## Task to complete
Working from the start of the listing, please write out exactly the lines through the one that holds "Antique Christian VIII", both included, and omit all pictures.

## Data for review
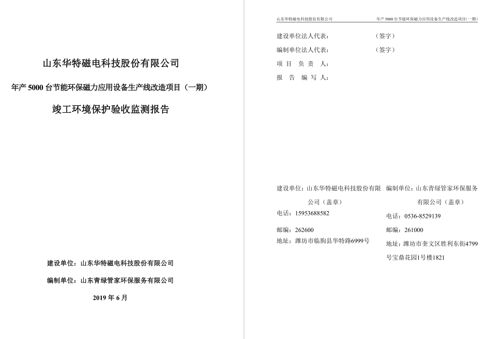 山東華特磁電科技股份有限公司年產(chǎn)5000 臺節(jié)能環(huán)保磁力應用設備生產(chǎn)線改造 項目(一期)竣工環(huán)境保護驗收監(jiān)測報告
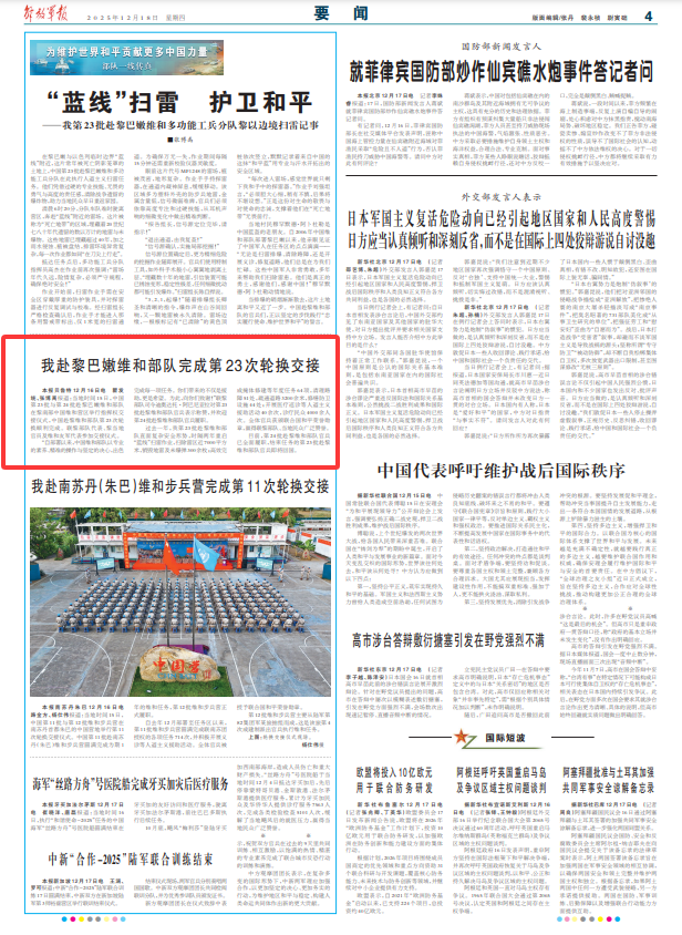解放軍報(bào)貝魯特12月16日電 瞿發(fā)統(tǒng)、張博禹報(bào)道:當(dāng)?shù)貢r(shí)間15日,中國(guó)第23批與第24批赴黎巴嫩維和部隊(duì)在黎南部中國(guó)維和營(yíng)區(qū)舉行指揮權(quán)交接儀式,中國(guó)赴黎維和部隊(duì)第23次輪換順利完成。聯(lián)黎部隊(duì)代表、黎當(dāng)?shù)毓賳T及維和友軍代表參加交接儀式。
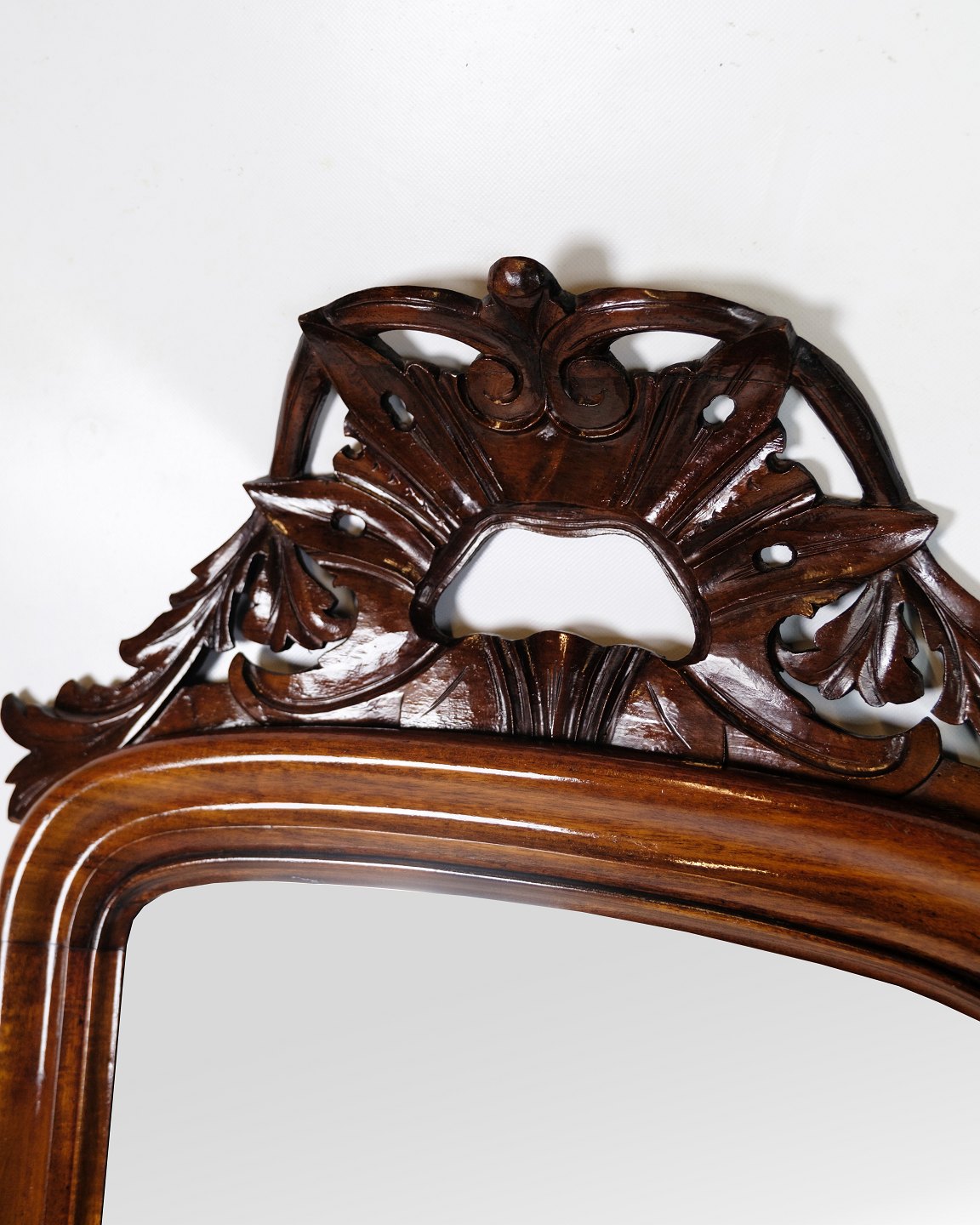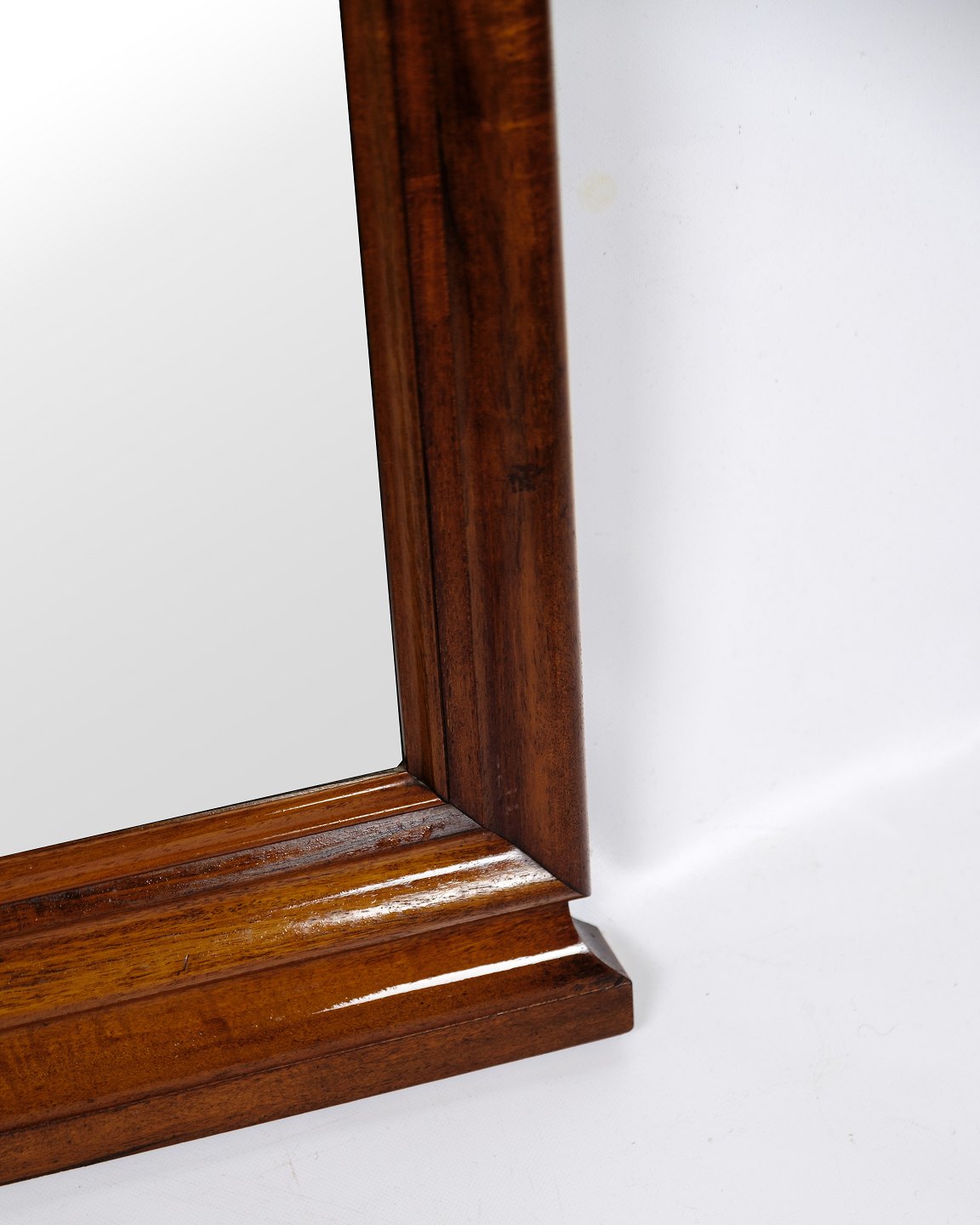Antique Christian VIII mirror from the 1860s, made of mahogany with decorative details typical of the period. The mirror has a rectangular frame that is highlighted by the natural warmth and fine grain pattern of the mahogany wood. The Christian VIII style combines elegance and simplicity, making this mirror a timeless interior design object with historical value.
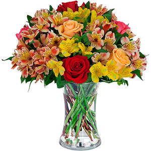 Gorgeous of 1/2 dozen assorted colour roses with several stems of many-bloomed, assorted colour alstroemeria. A full, colourful arrangement that's a panoramic display for the senses. Vase no uncluding. (6 Mixed roses + 9 Mixed Alstromeria )
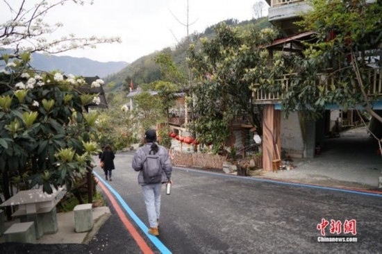游客漫步在石椅村。中新網記者 劉湃 攝
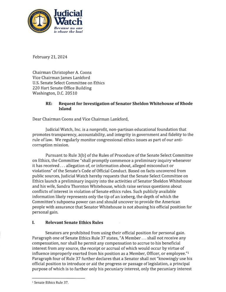 Senate Ethics Complaint Sheldon Whitehouse February 2024
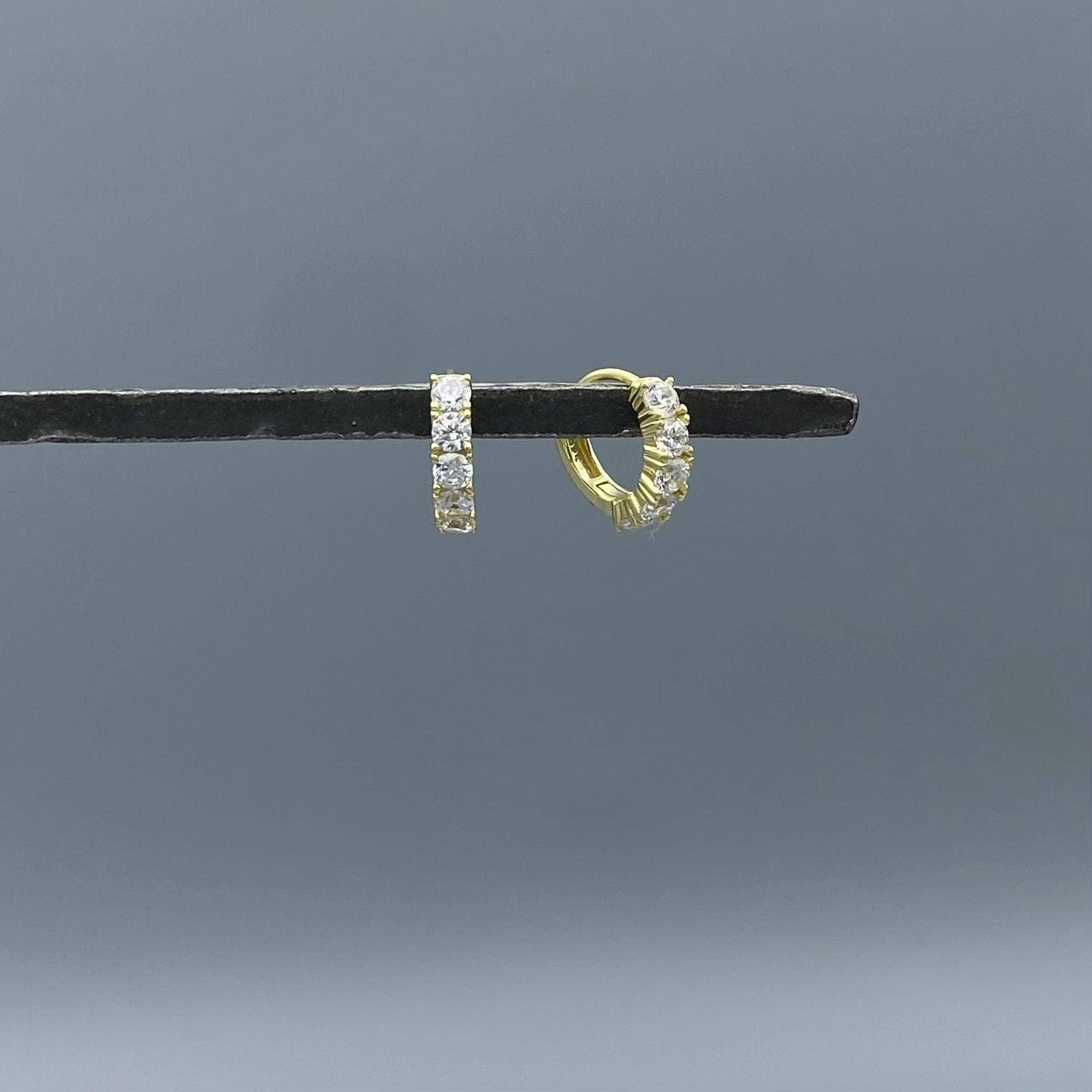 Boucles d'oreilles Sparkle Pave Huggie Hoops en argent et or blanc
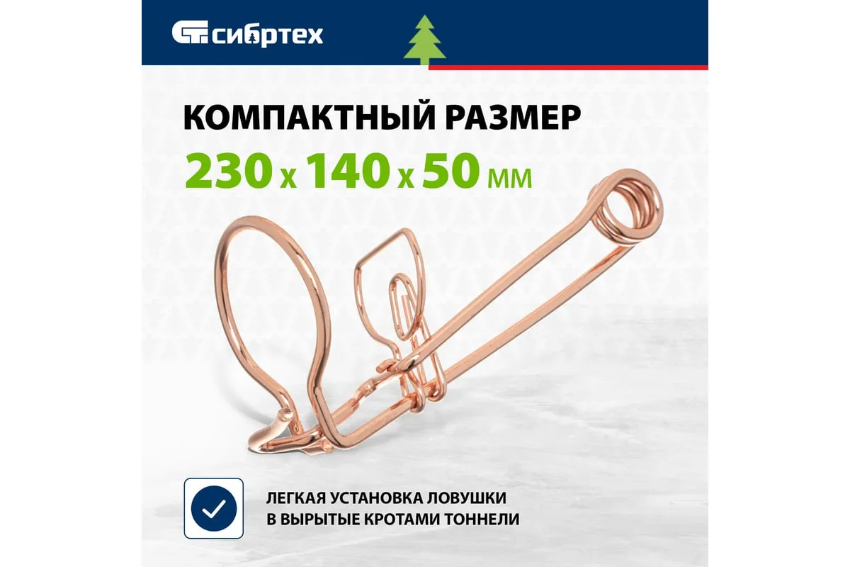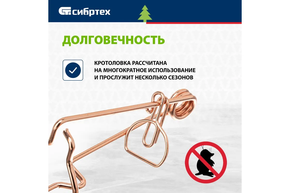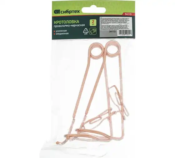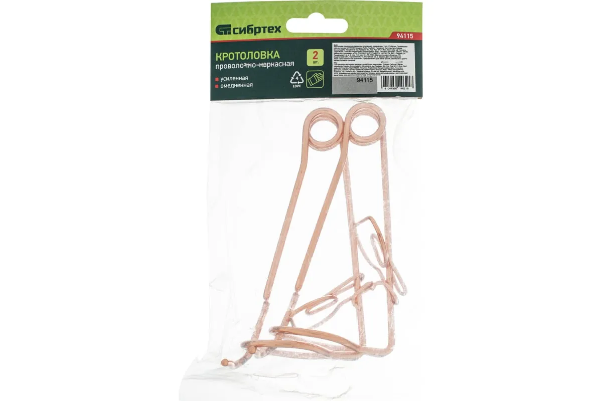 Усиленная проволочно-каркасная кротоловка Сибртех, 94115, омедненная, 2 шт., предназначена для ловли кротов. С ее помощью можно избавиться от вредителей на дачном участке. Кротоловку легко скрыть в земле, чтобы животные ее не обнаружили. При этом она не заедает при попадании посторонних предметов.
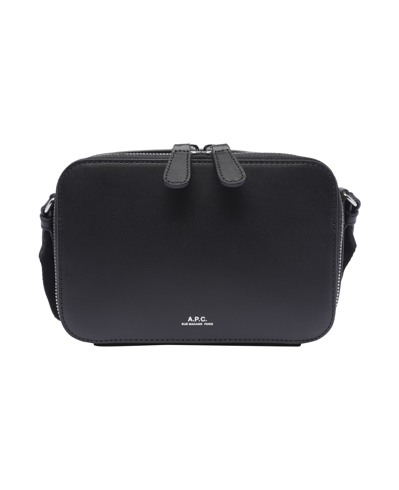 A. P. C. black Soho camera bag, zip closure, inner open pocket, adjustable shoulder strap, frontal logo
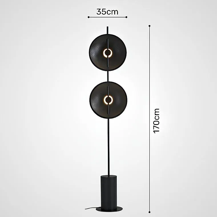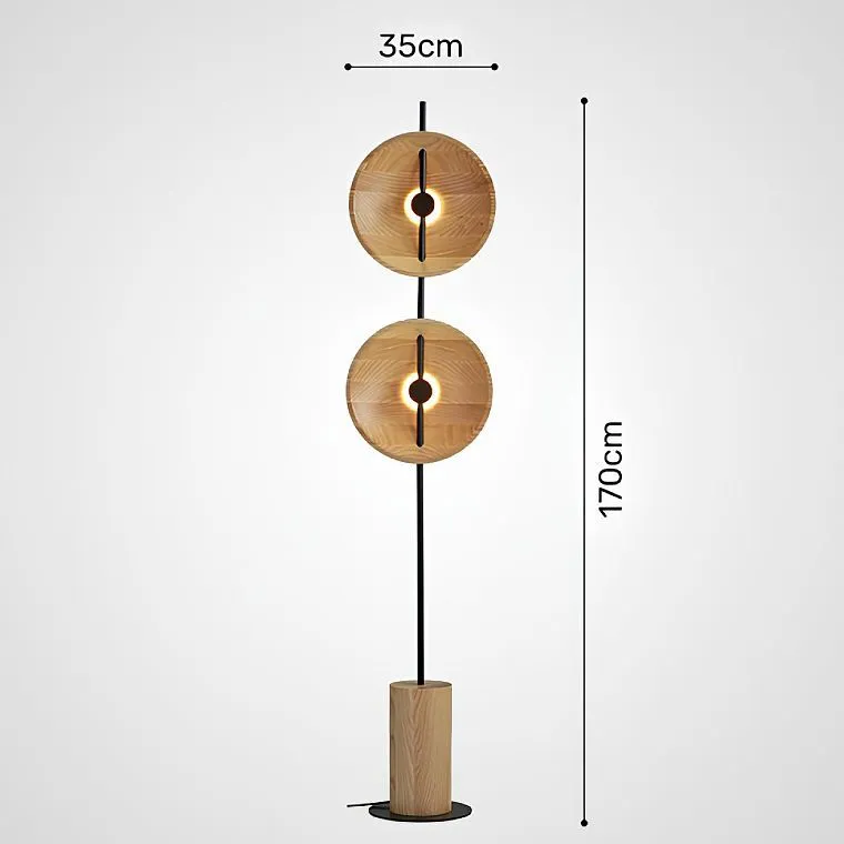 Серия дизайнерских торшеров с двумя плафонами в виде вогнутых дисков из дерева с LED подсветкой
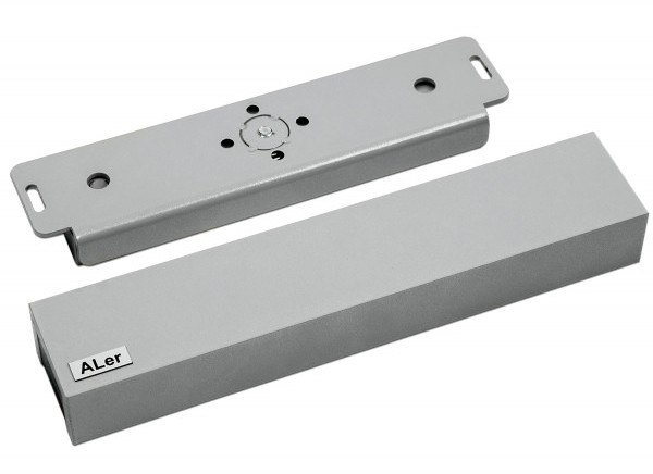 AL-350FВ-М-02 - малогабаритный электромагнитный, влагозащищённый (IP67), накладной (удерживающий, однодверный) замок с крепёжным комплектом 350Р (для якоря), крепёжной планкой или/и уголком (215х47х47 по заказу) в комплекте, без отсека для установки контроллера, в корпусе из алюминиевого сплава, с усилием удержания 350 кгс, напряжением питания - 12/24В, током потребления - 0,58А, диапазоном рабочих температур от -60 до +50оС, с габаритными размерами - 215х46,5х43мм, массой комплекта - 2,9 кг предназначен для запирания открывающихся наружу деревянных и металлических дверей толщиной от 35 до 70мм.
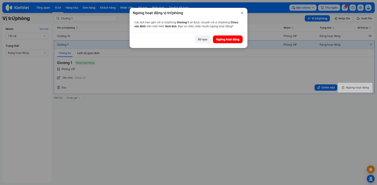Lưu ý: Sau khi ngừng hoạt động, các lịch hẹn đã trót xếp vào giường này sẽ tự động chuyển sang cột Chưa xác định trên màn hình Lịch hẹn để bạn sắp xếp lại vị trí mới.
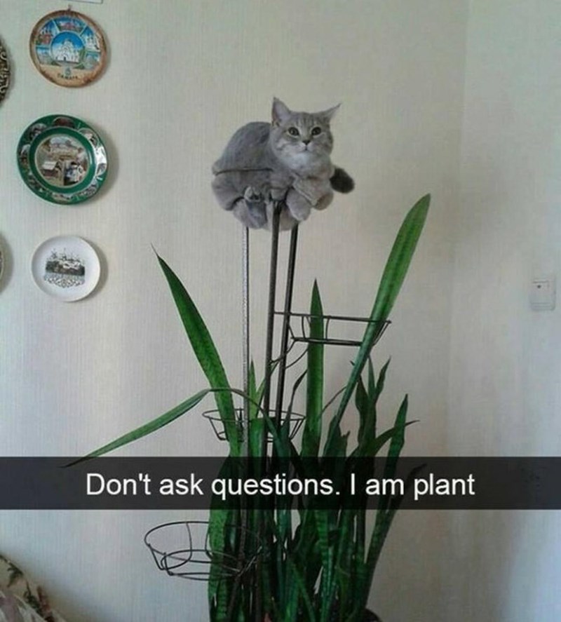 Anyone who has cats never even considered questioning this little dude. We all know that cats refuse to abide by the rules of gravity. They will sit anywhere, they will fit anywhere, and sometimes, they'll sit sideways on the arm of our couch just to mess with us. We love cats. And we love this little floofball.
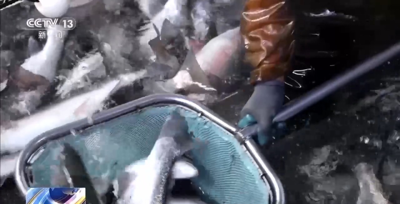 看似简单的三文鱼“搬家”,却藏着不少技术含量。不仅要提前对鱼儿进行低温驯化,让它们慢慢适应环境,还要给它们用一种可代谢的专用麻醉剂进行轻微镇静,减少它们的应激反应。当然,在运输过程中,也不能掉以轻心。“要全程监控、全程定位,每隔两小时检查一次。路上一定要注意水温、溶氧、鱼的活力。”三文鱼苗运输负责人孔德超介绍。
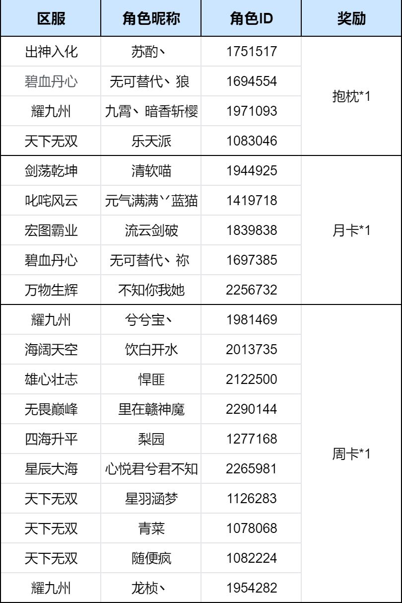 6、活动期间到奖励发放完毕前,请不要更改角色名或区服,避免奖励发放失败。
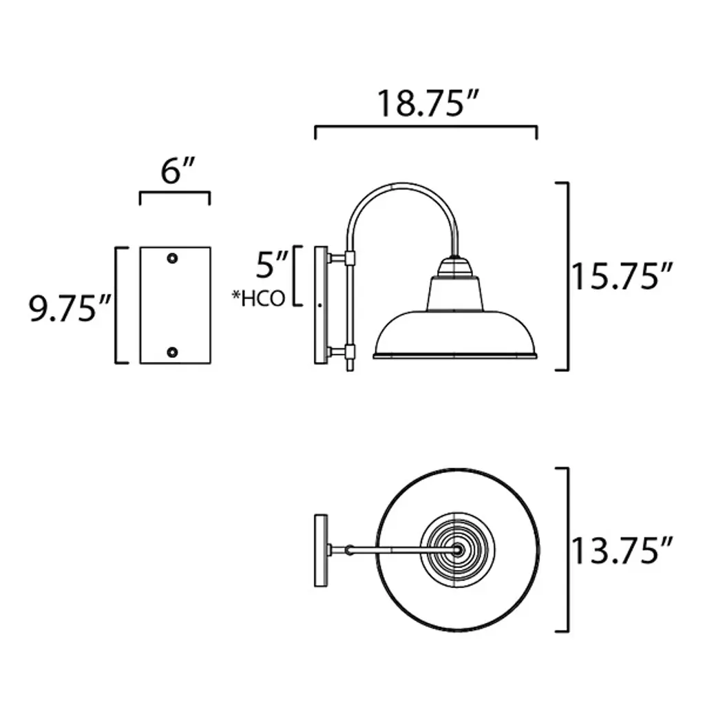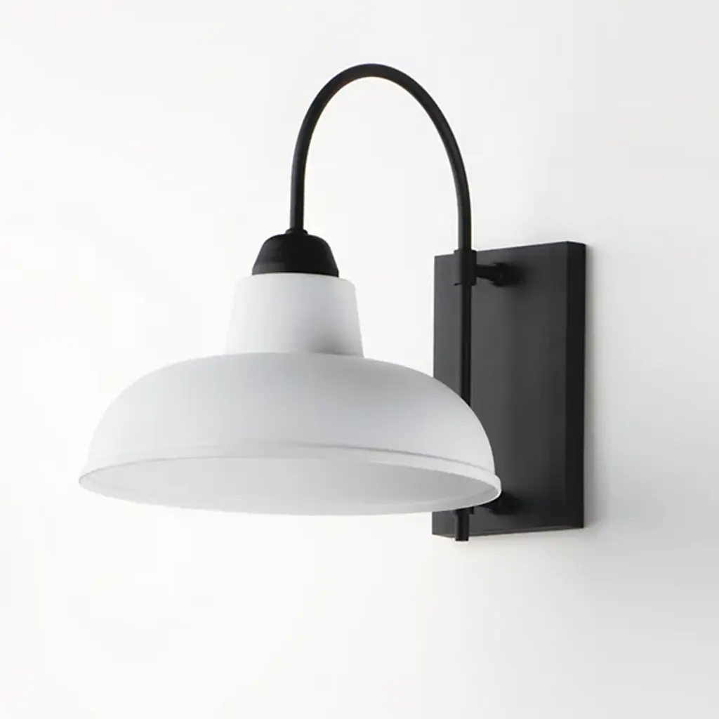 A classic style with a modern update. The Industrial Outdoor Wall Sconce by Maxim Lighting offers a clean and simple outdoor lighting solution while evoking the charm of classic RLM silhouettes. An understated rectangular backplate holds a slender, curving arm. A circular shade covers a single bulb and channels its warm light downward in an even glow. Designed to withstand extreme environments, this durable fixture is perfect for completing a home’s modern exterior.

## Task solution
 山東華特磁電科技股份有限公司年產(chǎn)5000 臺節(jié)能環(huán)保磁力應用設備生產(chǎn)線改造 項目(一期)竣工環(huán)境保護驗收監(jiān)測報告
解放軍報(bào)貝魯特12月16日電 瞿發(fā)統(tǒng)、張博禹報(bào)道:當(dāng)?shù)貢r(shí)間15日,中國(guó)第23批與第24批赴黎巴嫩維和部隊(duì)在黎南部中國(guó)維和營(yíng)區(qū)舉行指揮權(quán)交接儀式,中國(guó)赴黎維和部隊(duì)第23次輪換順利完成。聯(lián)黎部隊(duì)代表、黎當(dāng)?shù)毓賳T及維和友軍代表參加交接儀式。
Antique Christian VIII mirror from the 1860s, made of mahogany with decorative details typical of the period. The mirror has a rectangular frame that is highlighted by the natural warmth and fine grain pattern of the mahogany wood. The Christian VIII style combines elegance and simplicity, making this mirror a timeless interior design object with historical value.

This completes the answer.